Between 5,000 and 6,000 people earning $30,000 to $40,000 a year now work at roughly 110 collection agencies in and around Buffalo, an industry created with the help of seed money from the state of New York. The industry has been a rare economic bright spot in Buffalo, the nation's third-poorest city of its size, a place where 30 percent of the people live in poverty.
Yet, law enforcement and consumer groups point to a dark side: Buffalo, they say, has also become a center for some of the worst elements in the business. Debt collectors, some of them convicted felons, have illegally posed as lawyers or unlawfully browbeat people _ threatening to have them arrested or stripped of custody of their children _ to scare them into making payments.
"Get some clean clothes because you're not coming home any time soon," one debtor was told.
As the sour economy leaves people less and less able to pay their debts, the collection abuses have become so flagrant and numerous that state and federal authorities have moved to shut down several Buffalo-area agencies where the most heartless and bullying telephone calls originated. At least 20 people have been sued or arrested on criminal charges.

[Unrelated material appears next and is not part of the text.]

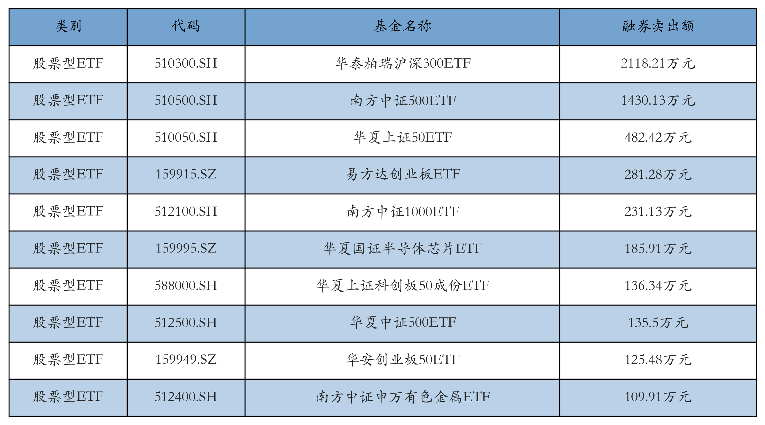 昨日股票型ETF融资卖出额最高的3只ETF及其卖出金额分别为:华泰柏瑞沪深300ETF(2118.21万元)、南方中证500ETF(1430.13万元)、华夏上证50ETF(482.42万元)。融券卖出额前10详情见下表:

Boyland himself was forced out of business and jailed in June after authorities said they caught him carrying a loaded, unlicensed pistol as they investigated more than 1,000 complaints about abusive tactics at his collection business.
The regional Better Business Bureau said that in the past three years, it has gotten 4,562 complaints about debt collection agencies in western New York. Of 213 agencies it has graded in the region, 104 were given an "F." And of all the complaints about debt collection received by the Better Business Bureau nationwide last year, about 1 in 10 involved a company in western New York.